The album of the same name was recorded in the townships of South Africa, using an ensemble of local musicians. Paul Simon was drawn to the country through first hearing a cassette of local music, and felt that it was important to record within the area to capture the personality of the townships, highlighting the beauty that existed within them, which was often at odds with the views of the wider world. I consider the album to be a piece of site-specific art, which allowed itself to be informed by a community and embraced the individuality of the location.

The images conjured up in the song writing of people like Paul Simon, Billy Bragg and Karl Hyde’s Edgeland album conjure up images of the locations that inform them. This lyrical quality it something that is often cited in contemporary landscape photography and attributed to a new wave of photographers like Alec Soth that are informed by the work of the new colour movement of the 1970s and 80s. In my notebook I have described this as the poetics of space, taken from the Gaston Bachelard book.
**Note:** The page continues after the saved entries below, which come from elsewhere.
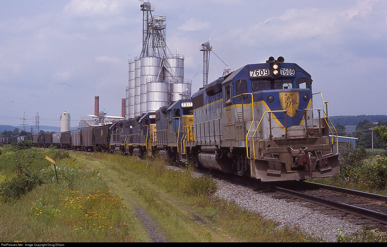 | A southbound D&H freight train, led by a GP39-2, passes by the now defunct Blue Seal feed Mill in Bainbridge, NY. |
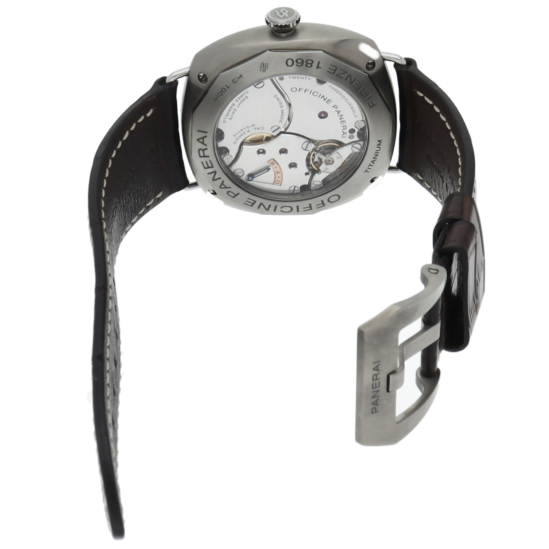 ジャガールクルト製ムーブをベースとするCal.OP XIV(8日間パワーリザーブ)を搭載したモデルです。裏スケルトンからは装飾を施した地板や、アンティークな雰囲気のスワンネック緩急針をご覧頂けます。
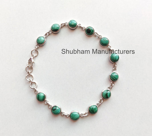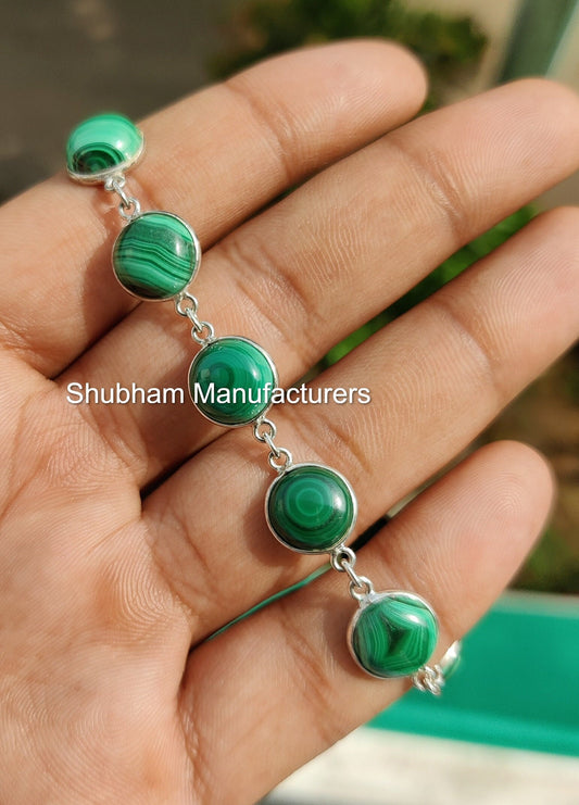 Natural Malachite Bracelet, 925 Sterling Silver Bracelet, Handmade Wedding Bracelet, Green Gemstone Adjustable Bracelet, Birthstone Jewelry
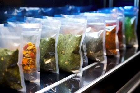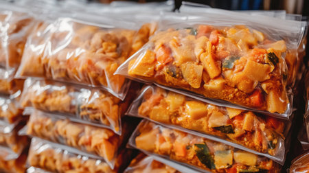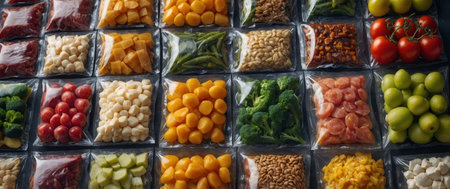 A row of plastic bags with various meats and vegetables inside. The bags are all different colors and sizes, and they are arranged in a neat row. Concept of organization and order
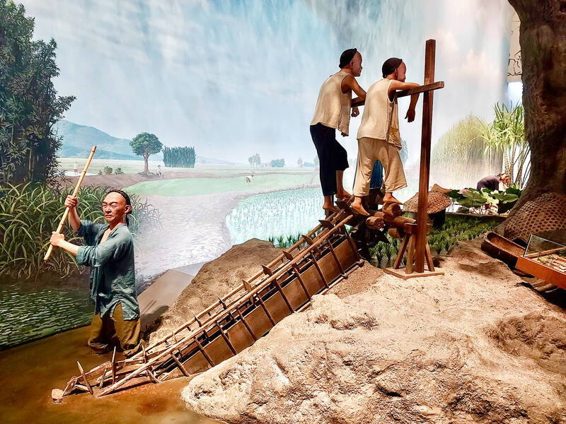 Coastal areas in Tainan used to be an inland sea with fish farms, salt fields and little in the way of ground transportation. Low-draft boats with sails that could be poled forward were a favored means of transportation for Han merchants. One such punt (a tshiu-the-a in Hoklo, also known as Taiwanese) was eventually abandoned on the shore of the Yanshui River and later rediscovered and dredged up. It now occupies a prominent spot on the museum’s first floor.
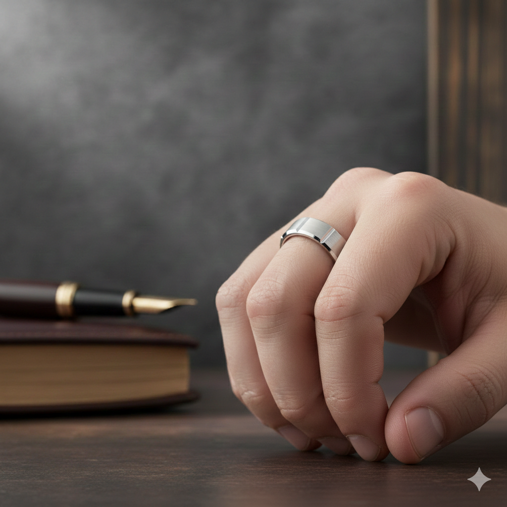 Seeking a statement piece that complements your everyday ensemble or uniform? The Pillar takes architectural lines and casts them in cool white gold. Milled from solid 18 K white gold, this 6 mm men’s ring features a series of vertical grooves that add depth and structure without overwhelming the clean silhouette. A high‑polish finish lets the ridges catch the light from every angle, while the comfort‑fit interior helps the band slide on easily and stay comfortable—from office hours to evening events.
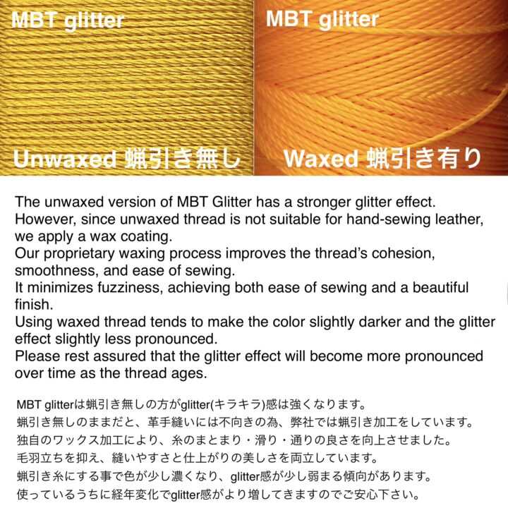 縫糸の最高峰として開発した【MBT】に蝋引き加工を施しました。

The research project itself currently titled, Edgeland exploration: Photographing spaces left over after planning (SLOAP) and archipelagos of interstitial ground surrounding the British motorway network. It is focused on the visual (photographic) documentation and representation of the complex spaces that are formed in the areas in-between infrastructure and planned development (SLOAP).

In his essay Desert Islands Gilles Deleuze states that there are two forms of geographic island, Continental and Oceanic. Continental islands are accidental, born of disarticulation, erosion and fracture. They survive the absorption of what once contained them.
Geographically they are similar in development and structure to our urban edgelands, spaces between urban and rural that fall out of consciousness. These urban archipelagos might be our last great unexplored wilderness.

This body of work sets out to photographically explore and document these urban archipelagos, left over after large planned architectural and infrastructure projects. Very little photographic research has been undertaken to investigate individual locations in visual detail. Existing research in related subject areas such as architecture and geography has aimed to define key features of this land and to look at how it could be used more effectively within the wider community. This project will build upon the work of Marion Shoard and current architectural theorists to develop new photographic perspectives on visual documentation and (re)presentation of these spaces, through the creation of a photographic survey and anthology of site specific studies of a series of locations. Rather than setting out to re-appropriate SLOAPs into the surrounding landscape I hope to identify key characteristics and investigate access, use and representation in these unique habitats.

I intend that by working on multiple geographic locations informed by the work of architectural theorist and critic, Ian Nairn, on his book ‘Outrage’. I will create an archive and anthology of publications that will allow these sites to be seen and discussed as interconnected phenomenon, hence the term ‘urban archipelago’ which is adapted from a previous AHRC project on Indonesia and the term for isolated democratic or republican pockets in American cities, that are at odds with the local environment.. Through using a series of location based studies informed by the work of DATAR to explore the character of the spaces and their importance to society. I feel that these spaces are at an interesting turning point and need investigating now. By bringing together disparate bodies of research within this blog and ultimately the thesis, I hope to produce a definitive viewpoint on the space, moving away from a visual typology.

I hope that this acts as an brief introduction to the project, and I look forward to fleshing out this blog and my ideas over the next 3 years.